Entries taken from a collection
______

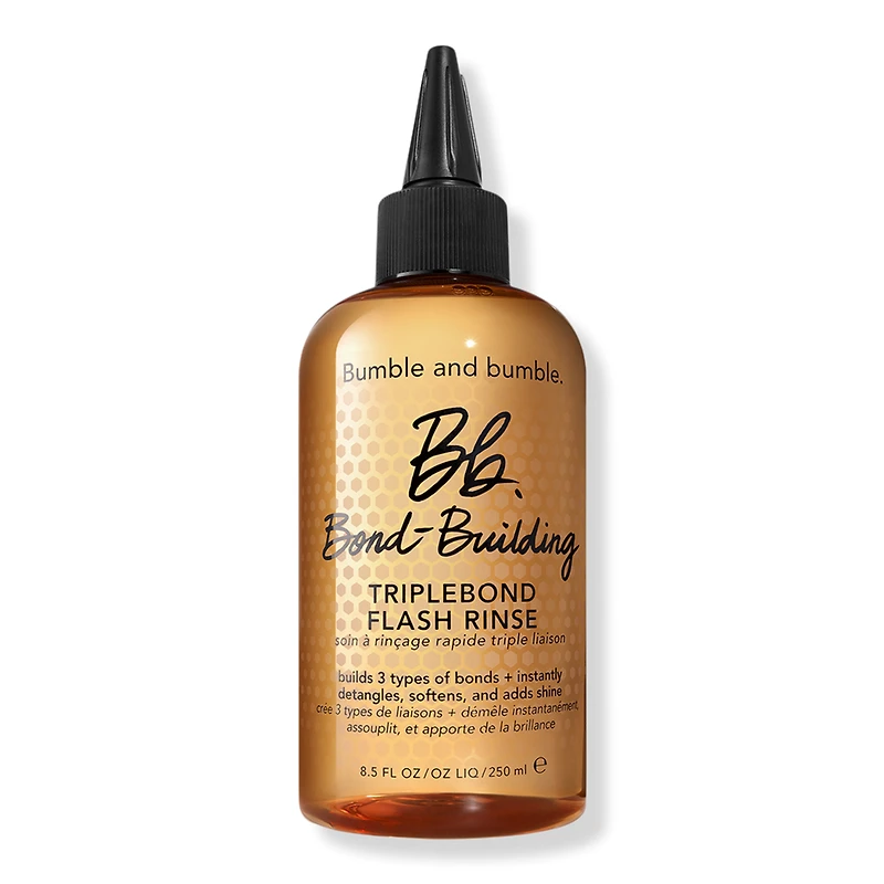 BND-BLDNG TRPLBND FLSH RNS 8.5Z 8.5OZ. Benefits: Builds bonds + fortifies. Adds shine. Softens + smoothes. Hydrates. Instantly builds the three essential bond types, increases shine by 2x (vs. unwashed hair), and detangles and softens.. Research Results: Instant results. Builds the 3 essential bond types. 2x shine*. *vs. unwashed hair. Key Ingredients: Honey Bond-Building TripleBond Complex builds three types of bonds in hair instantly.. Micellar Conditioning Technology lifts away impurities, conditions, and adds shine..
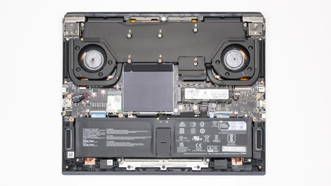 上图是微星 绝影14 AI Studio 2024的拆机实拍图,双风扇加VC均热板的组合。
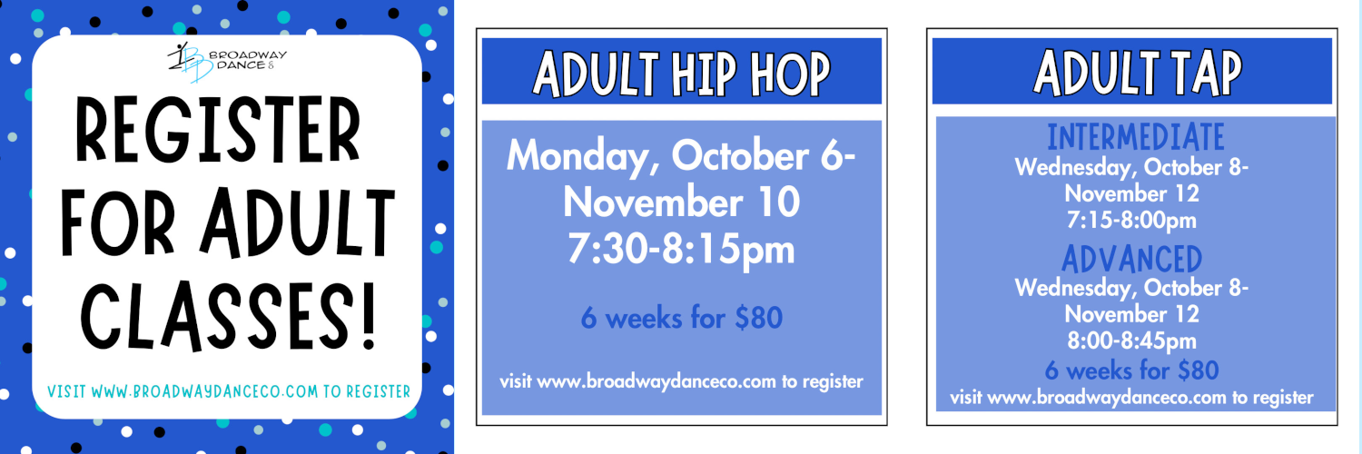 Featuring a variety of recreational dance classes for boys and girls ages 2 to adult, Broadway Dance Co offers every student the opportunity to enjoy a well-rounded performing arts education.
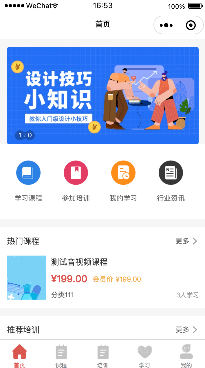 支持学员手机号一键登录,支持学员付费开通课程,支持开票和退款,支持把多个课程打包成培训体系,支持试播功能,支持设置会员体系,支持学员管理,基于Uniapp方式使用Vue3进行开发,小程序加载更快,体验更好
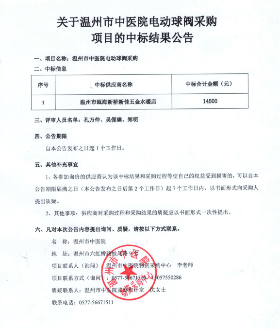 关于九州娱乐城(中国)官方网站 电动球阀采购项目的中标(成交)结果公告
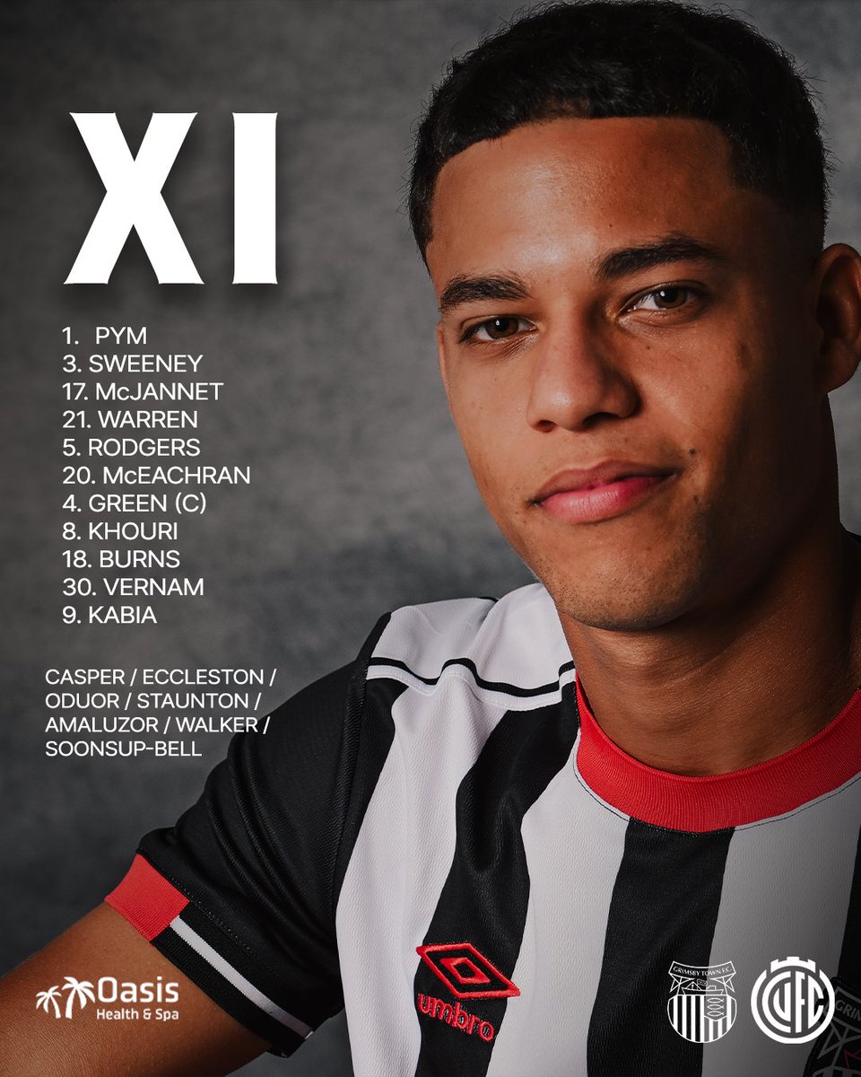 Grimsby (4-3-3): 1. Christy Pym – 5. Harvey Rodgers, 21. Tyrell Warren (10. Jude Soonsup-Bell 88′), 17. Cameron McJannet, 3. Jayden Sweeney (16. Reece Staunton 64′) – 4. Kieran Green (C), 20. George McEachran, 8. Evan Khouri (7. Jamie Walker 75¨’) – 18. Darragh Burns (29. Clarke Odour 75′), 9. Jaze Kabia, 30. Charles Vernam (14. Justin Amaluzor 64′). Innbyttere: 33. Charlie Casper, 12. Neo Eccleston.

______

#### TASK GOAL
This exercise asks for an exact copy of the lines from the first one in the data through the line that contains "上图是微星 绝影14 AI", pictures excluded.

#### SOLUTION TO THIS EXERCISE
 BND-BLDNG TRPLBND FLSH RNS 8.5Z 8.5OZ. Benefits: Builds bonds + fortifies. Adds shine. Softens + smoothes. Hydrates. Instantly builds the three essential bond types, increases shine by 2x (vs. unwashed hair), and detangles and softens.. Research Results: Instant results. Builds the 3 essential bond types. 2x shine*. *vs. unwashed hair. Key Ingredients: Honey Bond-Building TripleBond Complex builds three types of bonds in hair instantly.. Micellar Conditioning Technology lifts away impurities, conditions, and adds shine..
 上图是微星 绝影14 AI Studio 2024的拆机实拍图,双风扇加VC均热板的组合。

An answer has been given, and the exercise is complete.